And what better “business” to be in for a profit-oriented organization (all the way up to and including the corporate state) than one in which one’s adherents willingly consume whatever product they are hooked on, do not question the origin of the addiction itself, and will actually pay money to one in order to maintain it? This is the “perfect plan” that is being executed by the US Government and its ties to large corporations, especially banks. Such horrendous activities as the bailout of the savings and loans in the 1980s and the bailout of the major banks in the 2000’s are just typical examples of the utter bamboozlement and addiction of the American people who have stood still and been raped repeatedly while being told that what is occurring is for “our own good.”

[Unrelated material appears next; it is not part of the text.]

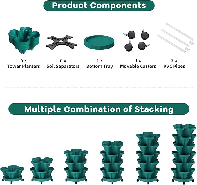 - 6 Tier Vertical Planter - 6 tier stacking planter, made of BPA-free material, can hold up to 24 different plants, such as strawberries, spinach, leaf lettuce, arugula, and mustard greens, and a few smaller herbs and flowers. Plus, it's the perfect vessel for strawberries as the berries cascade over the container lip.
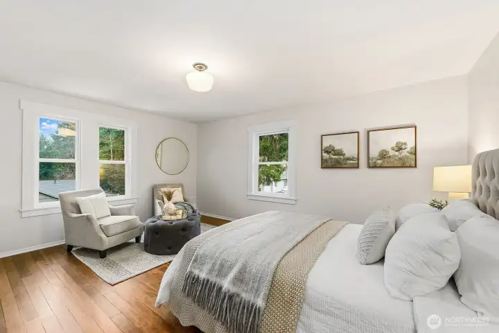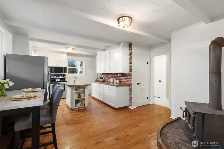 One-of-a-kind North Seattle farmhouse/craftsman blending timeless charm with oversized spaces throughout. The unmistakable character begins with a huge wrap-around front porch and an expansive back deck overlooking a large, level lot—perfect for pets, play, and entertaining. Generous living & dining rooms offer impressive scale, while all bedrooms are exceptionally spacious. A classic country kitchen features a rare second stairwell, adding flexibility & charm. Woodstove in kitchen. The unfinished basement is accessible from inside the home and through double doors to the backyard, offering excellent storage or future potential. Updates include new windows, electrical panel, furnace, deck, roof, kitchen updates, beautifully refinished fir floors, newly remodeled bathroom, and fresh interior paint. Laundry up & in basement. Basement perfect for shop and storage. City zoning changes may allow for future improvement or ADU/DADU possibilities (buyer to verify all uses and restrictions to their satisfaction). Ideally located with easy access to freeways, light rail, shopping, parks, and more—this is truly an amazing place to call home.

The process of being blinded begins with socialization, wherein one is taught through repeated instruction to abandon one’s own autonomy and put one’s faith in external authority; to vest one’s decision making in the outer, the other; and to forego one’s questioning of authority in order to be further wrapped in the dubious blanket of “security.” One is taught from the very beginning that one’s parents (and other adults) have one’s own best interests in mind – and that one must surrender one’s will and one’s desires, interests and opinions in order to bask in this pseudo-certainly of collective will manifesting through authority figures who represent the system as a whole. It is rarely, if ever, revealed that these seemingly sterling citizens are simply furthering their own self-interests while ostensibly serving as representatives of the “people’s power.” An entire disinformation system (much of it hidden under the aegis of “national security”) has become devoted to convincing people of the massive lies and misinformation being fed to us, in order that we might blindly keep working and feed the system. Meanwhile, the cultural elites bask in ever greater sunshine and personal resources. These cultural elites further delude themselves in the belief that they have a divine right to rule and control vast resources because they were born to money or power. This is, in fact, the social Darwinist position.